## ACTIVITY:
Output each line exactly as written, from the first line of the records to the line bearing "Be the first", inclusive, while leaving every picture out.

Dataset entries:
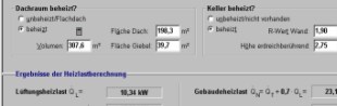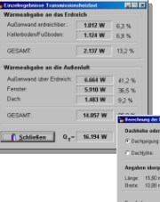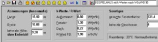 Neben dem Transmissions-, dem Lüftungs- und dem spezifischen Gebäudewärmebedarf erhalten Sie verschiedene Flächenangaben wie z.B. Außenwandfläche ohne Fenster, Gebäudenutzfläche und
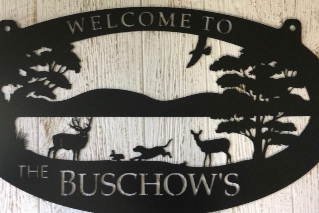 Be the first to review “3ft Metal Sign with Buck, Doe, Beagle, and Rabbit Scene – Customized with Your Name”
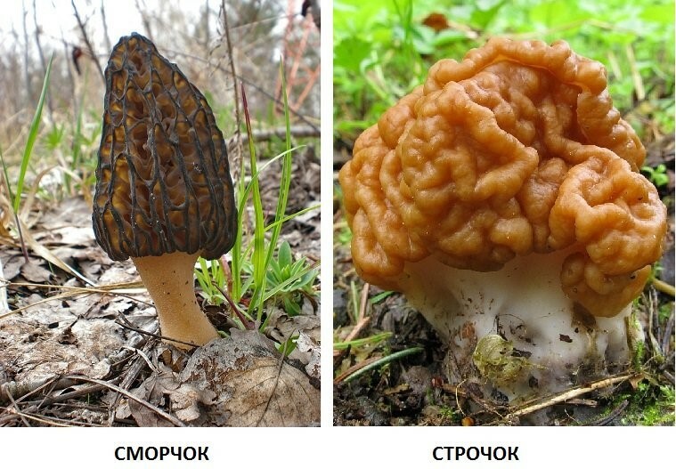 Сморчок – встречается в различных типах леса, на лесных вырубках и опушках. Плодовое тело достигает в высоту 10-30 см. Шляпка полая, желто-бурая, составляет от одной трети до двух третей длины ножки и может иметь округлую или остроконическую форму, по краям срастается с ножкой; состоит из ячеисто-сотовых углублений – альвеол, которые напоминают неровные пчелиные соты и формируются из ребер и мостиков, волнисто соединительных друг с другом. Ножка полая, ровная, продольно-борозчатая, буроватая. Окраска различных тонов: от светло-коричнево-желтоватого до серо- и оливково-коричневого; у сушеных – окраска чуть темнее, у отварных – значительно темнее. Мякоть беловатая, тонкая, ломкая, с приятным запахом и без особого вкуса. Споры бесцветные или желтоватые, гладкие, эллипсоидальные.
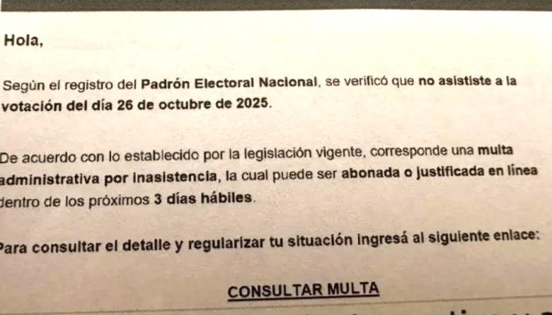 Ayer | No caer en la trampa Cuidado con el mail de la “multa por no votar”: es una estafa para robar tus datos
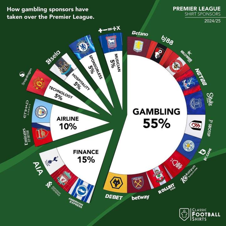 Classicfootballshirts统计出了2024-25赛季英超20家俱乐部球衣胸前广告赞助商的行业分布,其中博彩业占据了半壁江山,他们一共赞助了多达11家俱乐部。
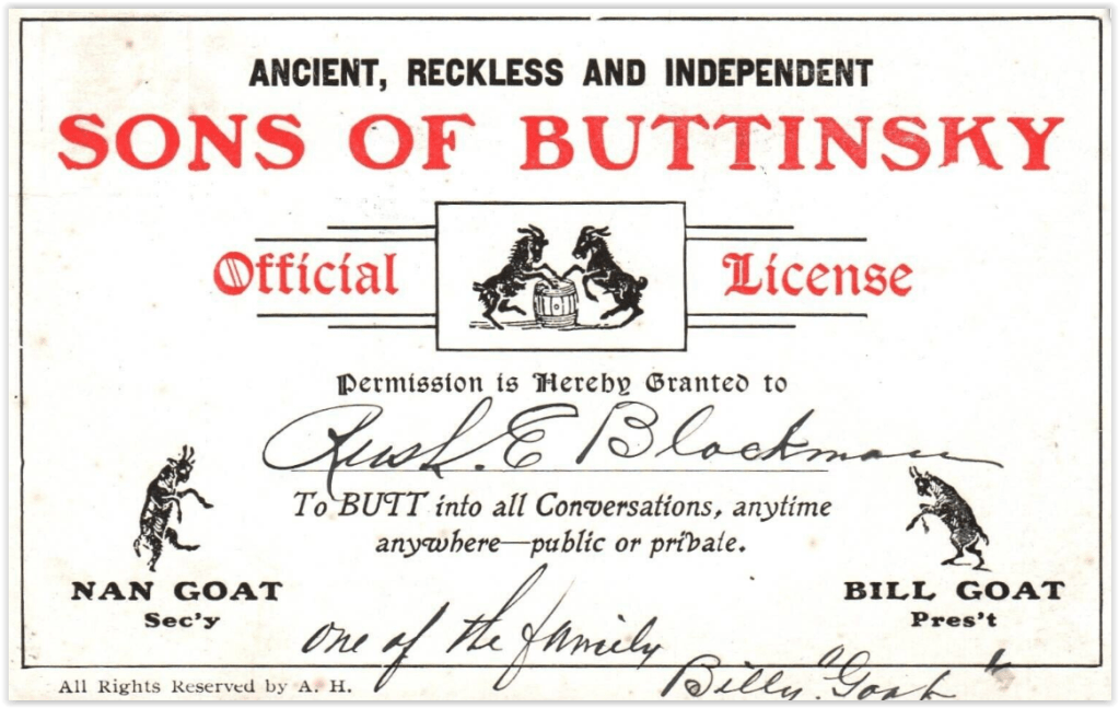 Despite the presence of a number of urban legends out there in the Interwebs, which would have us peruse the savory tale of Polish peasant Stanislaus Buttinski, who was eventually executed (beheaded or burned at the stake, depending on which part of the legend you like) for always butting in with advice at the Polish royal court in the 1680s, thus making his last name a watchword for…never mind. Despite that story, the phrase “buttinsky” was invented in the United States by a newspaperman who combined the OLDER phrase “butt in” with the name form of numerous Russian immigrants. He had someone accused of being a member of “the Buttinski family”.

## OUTPUT:
 Neben dem Transmissions-, dem Lüftungs- und dem spezifischen Gebäudewärmebedarf erhalten Sie verschiedene Flächenangaben wie z.B. Außenwandfläche ohne Fenster, Gebäudenutzfläche und
 Be the first to review “3ft Metal Sign with Buck, Doe, Beagle, and Rabbit Scene – Customized with Your Name”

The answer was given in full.